Writer/producer Robert J. Maxwell broke into the entertainment business by way of radio in the 1930s. Born Robert Joffe Maxwell around 1910, he'd started out as a writer of pulps in the 1930s and had joined National Periodicals (aka DC Comics) at the end of the decade, with the job of licensing the merchandising rights to the Superman character. He was later partnered with Allen Ducovny in devising the Superman radio series, which debuted in February 1940; in tandem with Frank Chase, Maxwell was the producer of the radio series, and the two chose Bud Collyer as radio's Superman.

The radio series ran for 11 years, until 1951 -- by that time, the decision had been made by National Periodicals, in the wake of two successful movie serials made by Columbia Pictures, to bring Superman to the small-screen, by way of a pilot feature film. Maxwell, as the most experienced production executive involved with the broadcasts of the Superman character, was assigned to work on both. Using his pseudonym of Richard Fielding, he co-authored the screenplay and produced the pilot film, Superman and the Mole Men, in partnership with serial veteran Barney A. Sarecky. It was Maxwell who chose the star of the movie, the actor George Reeves, who would also play Superman and Clark Kent in the subsequent 102 television episodes of The Adventures of Superman, as the series was known. Maxwell treated the Superman television series as an extension of the radio show, which made sense at the time but also created problems even as it achieved huge initial success. Radio, as an audio medium, gave producers great latitude in areas of storytelling, mostly because it was an audio medium -- you weren't actually "depicting" anything. Crime shows were aimed at adults, and children who were allowed to (and some parents didn't let their kids listen to the crime shows) could and did listen. Maxwell, in partnership with Bernard Luber, made the first season of the television series with the intention of getting an early-evening, prime-time schedule slot, aimed at that same audience of adults and families. But when those same actions and events that filled the radio show were presented visually, on television, the results were profoundly different. The first season of Superman (which included a handful of Maxwell contributions as screenwriter, under his "Richard Fielding" screen name) was filled with corpses and mayhem everywhere: innocents murdered, women brutally pummeled, and even the sight of a dead dog in one episode ("The Deserted Village"). The ratings were high, but kids sometimes had nightmares over what they saw, and parents and the sponsor were aghast; as a result, Maxwell was dumped from the show when it resumed production for a second season in 1953.

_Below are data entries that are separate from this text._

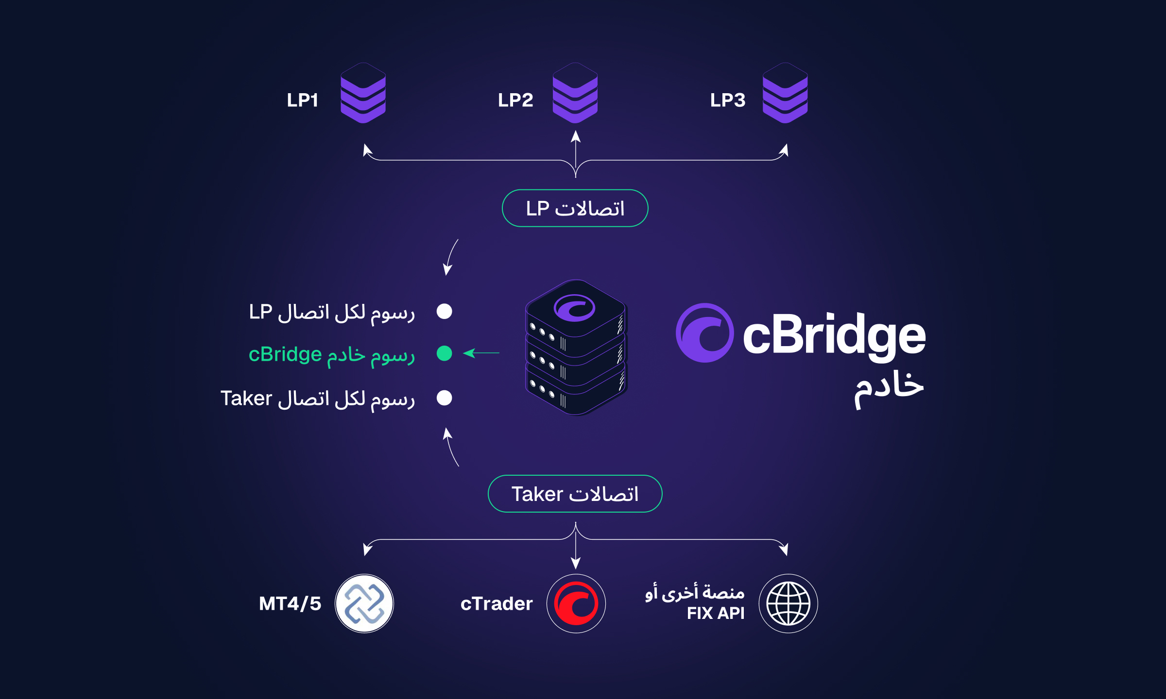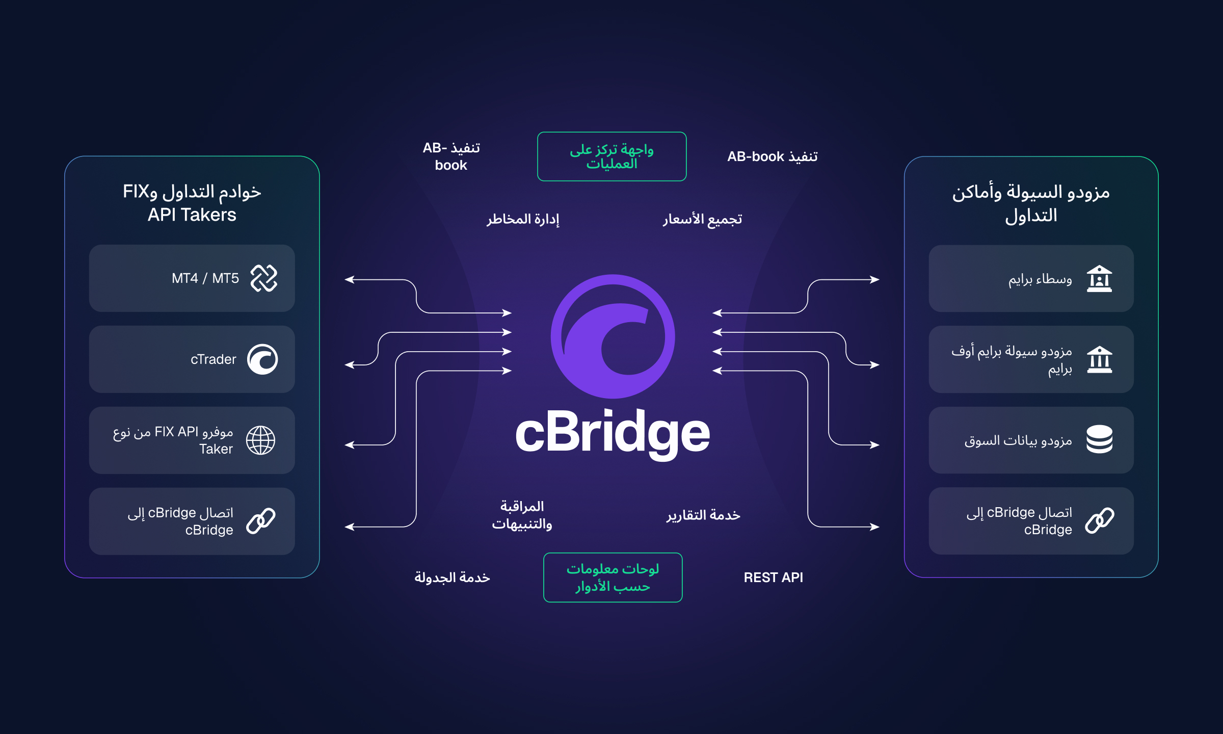 يعمل cBridge كحل مستقل تمامًا، يربط بيئات cTrader وMT4 وMT5 وFIX API بمزودي سيولة متعددين. يدير الوسطاء الوصول إلى السيولة والتوجيه والتنفيذ في مكان واحد، مع تطبيق تسعير عروض الأسعار الموحد وقواعد التوجيه عبر جميع الخوادم المتصلة. تحافظ عمليات التكامل الجاهزة والتغطية الواسعة للبروتوكول عبر التداول والتسعير وإعداد التقارير على احتواء عملية التنفيذ.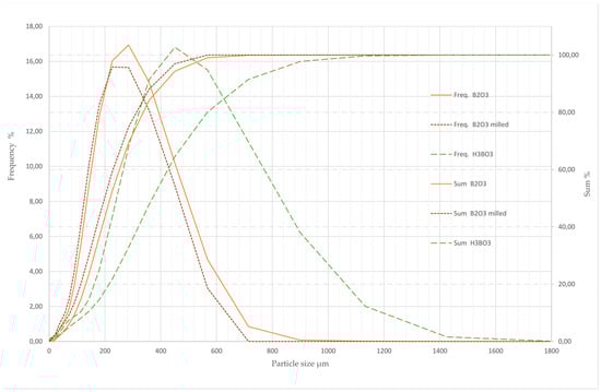 Figure 3 shows the measured particle size distribution (Frequency) and the cumulative frequency (Sum) of the analysed samples. Due to the great hardness of B2O3—in the range of 1.5 GPa for amorphous and ten times higher for the high pressure configuration [32]—no significant effect of milling—whether on particle size nor on distribution—was noticed. The metaboric acid sample apparently consisted of amorphous fragments. Therefore, it was excluded from particle size analyses.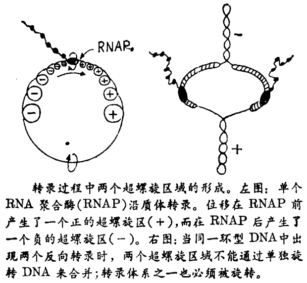 当你走到窗前,顺时针方向旋转拉窗帘的双股绳子,使长到足以获得一个双螺旋,然后在两股绳子之间插入一支笔,并向前推动笔而不旋转,你这就是在制作一个转录过程的机械模型:笔或者RNA聚合酶沿着DNA(即相互卷曲的双链)移动。从此实验中可以看到,当RNA聚合酶移位时,将会使它前面的DNA卷得过紧,而后面的DNA不足卷曲。换句话说,DNA在RNA聚合酶前成为正的超卷曲,而在后成为负的超卷曲(见图)。虽然是DNA螺旋结构的必然结果,但这个随RNA聚合酶移动的超螺旋波似乎是幻想的,然而,王 · J. C. 及其合作者最近所做的漂亮实验证实了这些超螺旋波实际上在原核和真核细胞中都存在。这些数据将无疑会改变对DNA超螺旋的学意义及DNA拓扑学重要性的一般态度。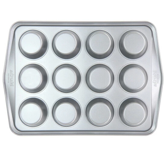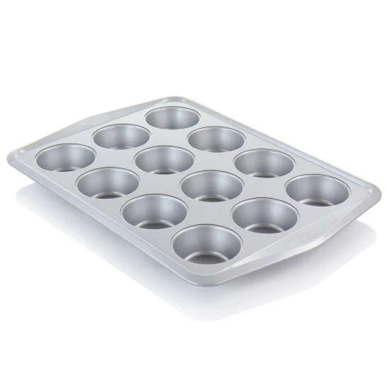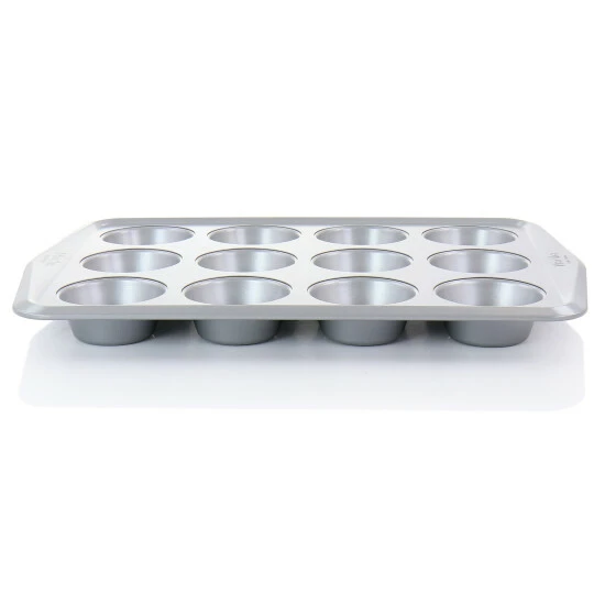Bake to your heart’s content with the Martha Stewart 12 Cup Nonstick Carbon Steel Muffin Pan in Gray. The warp resistant baking pan evenly heats and browns. Features wide handles and rim for easy handling and durability. The nonstick coating provides quick food release for perfect muffins. From long lasting care, its recommended to hand wash. Bake banana nut muffins, bite sized quiche, or mini custard tarts for family and friends to enjoy!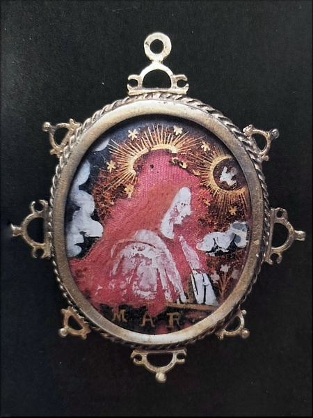 El Concilio de Trento supuso un fuerte respaldo a la invocación y veneración, tanto de las imágenes como de las reliquias de la Virgen María y de los santos, algo que se vendría dando desde los inicios del Cristianismo. Esto surgiría como respuesta al repudio que de ellas hacían los protestantes basando sus alegatos en el fomento de la idolatría. Desde este tiempo sería próspero el mercado de reliquias por el mundo cristiano hasta el punto de producirse un tráfico ilegal alentado por las falsificaciones que terminarían surgiendo. La situación se acentuó debido a la fuerte expansión postridentina de las órdenes religiosas y a la mentalidad maravillosista del Barroco. A partir de ahora, además de las reliquias custodiadas en las catedrales, las iglesias y los conventos, aparecerían otras de minúsculo formato para las que se fabricarían expresamente pequeños relicarios-joya encargadas para las devociones particulares. Estos colgantes cubrirían la necesidad de los fieles de poseer, venerar y mantener cerca de sí fragmentos de reliquias con una finalidad protectora. Con todo, la posesión de reliquias verdaderas, (o "vestigia") no estuvo al alcance de todo el mundo. Por esta razón proliferaron una serie de medallones devocionales parecidos a los relicarios, donde la reliquia sería sustituida por la imagen de la Virgen o de Cristo. Predominaron los de forma oval, normalmente hechos de plata o plata sobredorada, con ventanas. Solían tener dos vidrieras de cuarzo hialino, una por cada cara, que permitían ver su contenido, siendo algunos de ellos abrideros. Se remataban en su parte más alta por un asa o argolla, para poder colgarlos de una cadena. Bajo las ventanas de cristal, a veces biselado, se situaban las reliquias o figuras de bulto sobre un forrado de telas ricas. El conjunto interior se adornaba a veces con delicadas labores conventuales de papelillo y flores secas, con hilos metálicos, lentejuelas y cartones recortados en miniatura. Realmente, los relicarios y medallones serían bastante frecuentes y muchos pasaron a la indumentaria de las imágenes de la Virgen de una manera natural. La colocación a veces era algo caótica, por la cantidad de ellos que se le prendían a la imagen. Normalmente eran fijados o cosidos a los revestimientos textiles de la talla, añadiéndoles un lazo de tela o pasamanería como remate. Pero otras veces la cantidad de ejemplares era tal que se colgaban de unas cadenas colocadas normalmente en horizontal, a modo de guirnaldas. En aquellas ristras era habitual ver también otro tipo de piezas que nada tenían que ver con el carácter devocional de los medallones, tales como higas, cascabeles, ramas de coral o amuletos de todo tipo, con un marcado carácter protector. |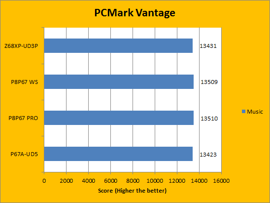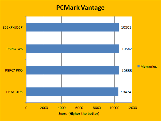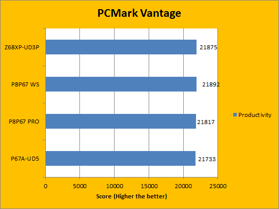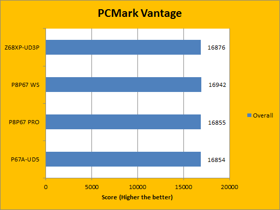 The next two pages put programs from Futuremark into focus. The company produces some of the most popular benchmarks in the world of computing. PCMark Vantage, in particular, provides a very thorough and accurate examination of the entire system, which makes it an overall great benchmarking tool to run. In our results above, we can see that the Gigabyte Z68XP-UD3P produces scores quite similar to the other three motherboards, which is to be expected.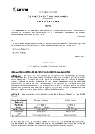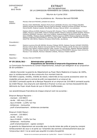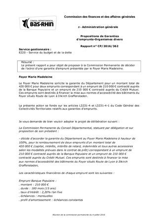 Le présent rapport a pour objet de proposer à la Commission Permanente de décider de l’octroi d’une garantie d’emprunt présentée par le Foyer Marie Madeleine.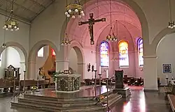 Über dem Altarraum hängt ein mächtiges Kruzifix, dessen Korpus im Jahr 1980 von Luis Piccolruaz in St. Ulrich in Gröden, aus Kastanienholz gearbeitet wurde. Das Kreuz ist dem romanisch-burgundischen Stil des 12. Jahrhunderts nachempfunden. An den Enden der Kreuzbalken befinden sich die Symbole der vier Evangelisten in Holz geschnitzt und farblich gefasst von Bildhauer Matthias Rech, ebenfalls aus St. Ulrich.
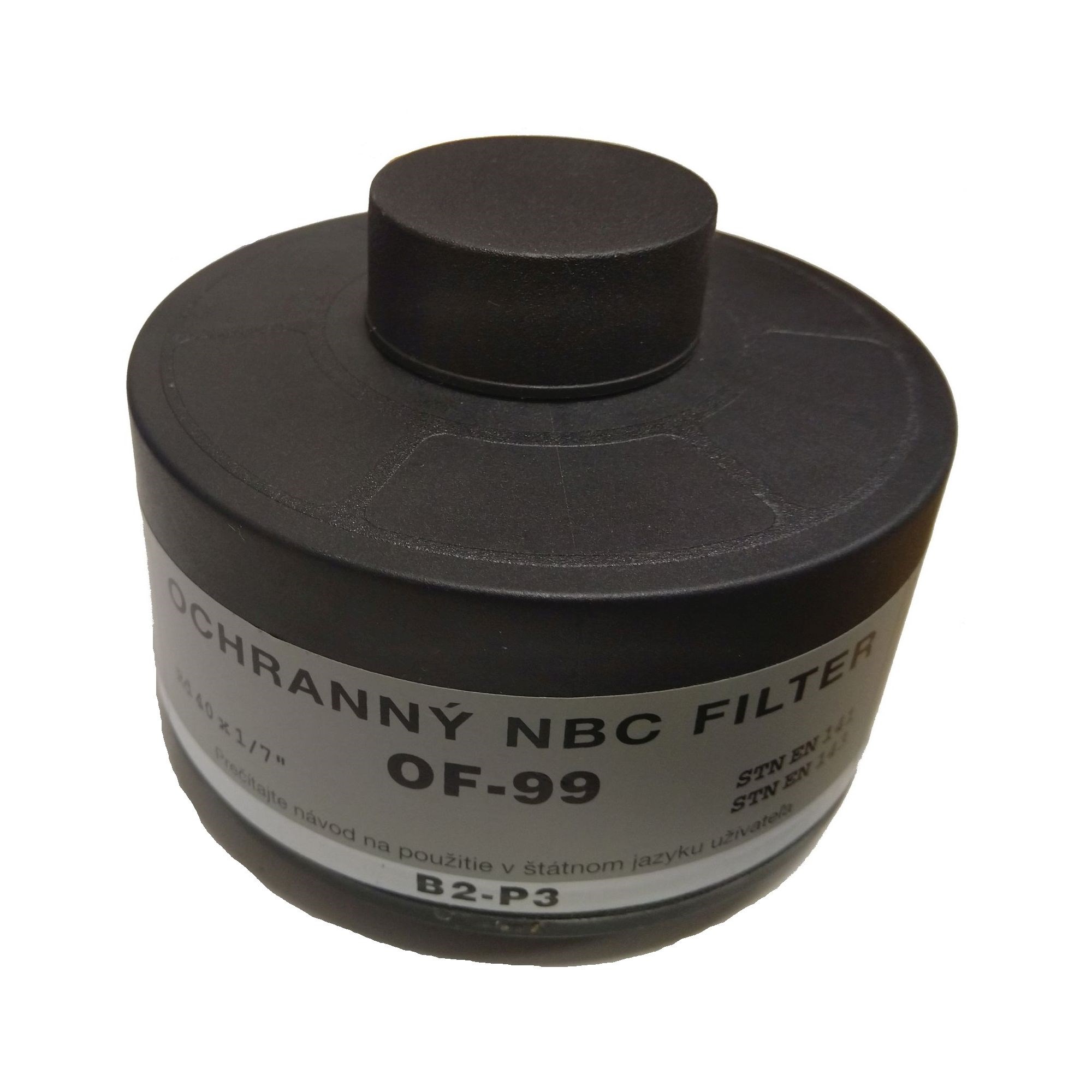 Filtre OF-99 pour masque à gaz. Filetage 40 x 1/7". Date de péremption dépassée - sans aucune garantie de fonctionnalité. Plus d'informations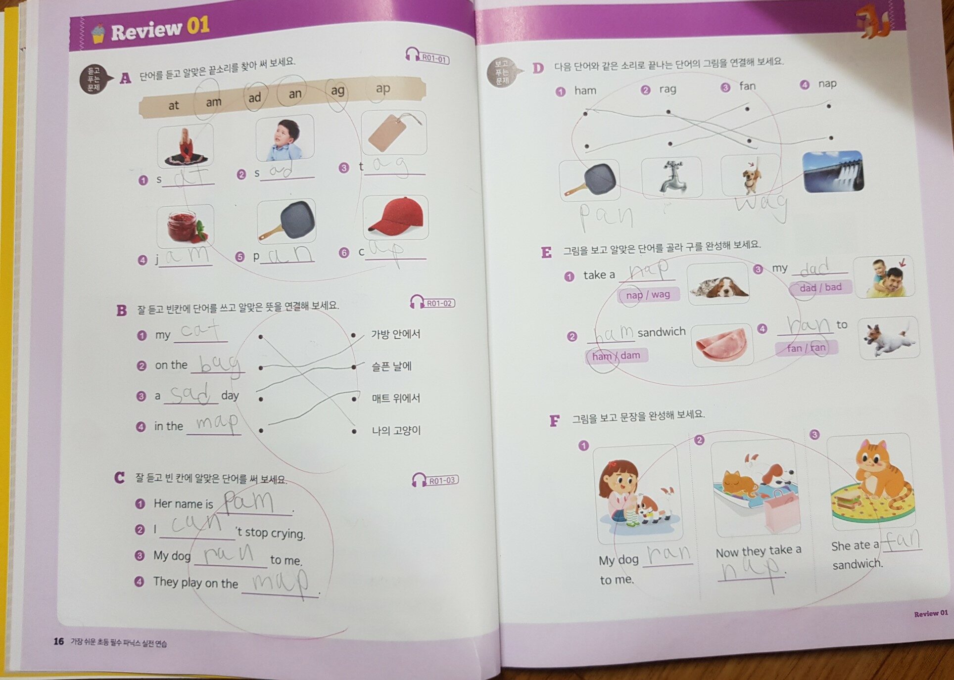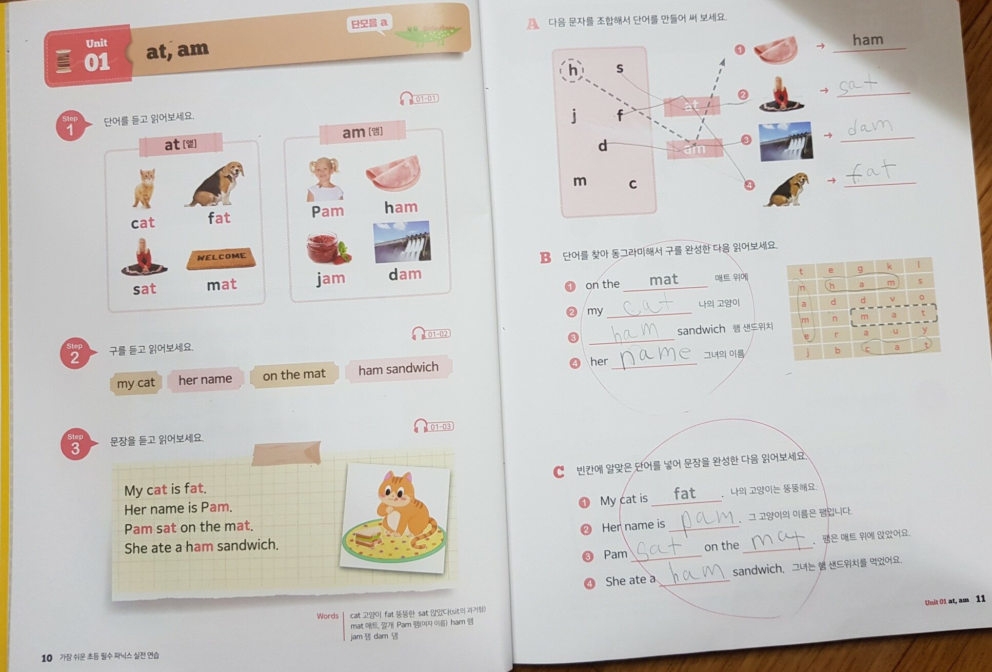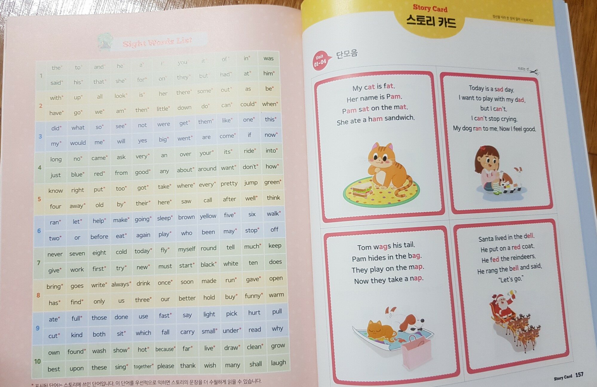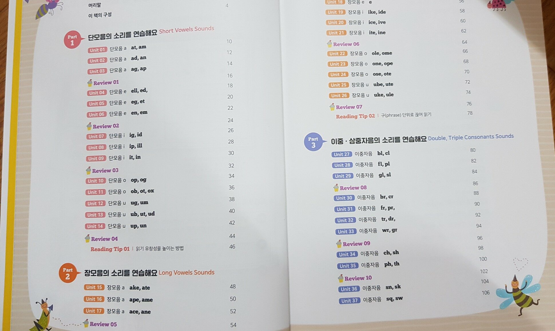 이 책을 학습하기에 가장 좋은 점은 파닉스로 음가를 익히고 단어를 익히는데 그치지 않고 2~3개의단어로 구성된 구를 익히고 다음에는 문장을 익히는 점진적이고 체계적적이며 효과적인 학습방법을보여준다는 것이다.

Maxwell went on to produce the Lassie series into the 1960s, ironically as kid-friendly a show as there was, as well as the series Cannonball, National Velvet, and Father of the Bride. The latter two shows were also family-oriented, and one had to wonder if Maxwell were trying to prove something to the business. His activities slowed as a new generation of television shows and producers came along in the mid-1960s, and his last major screen credit was as producer and writer of the Tanzania-based feature-film drama The Bushbaby. Maxwell passed away in 1971, and is best remembered for that first season of The Adventures of Superman and the television series Lassie, both perennial nostalgia favorites in the 21st century.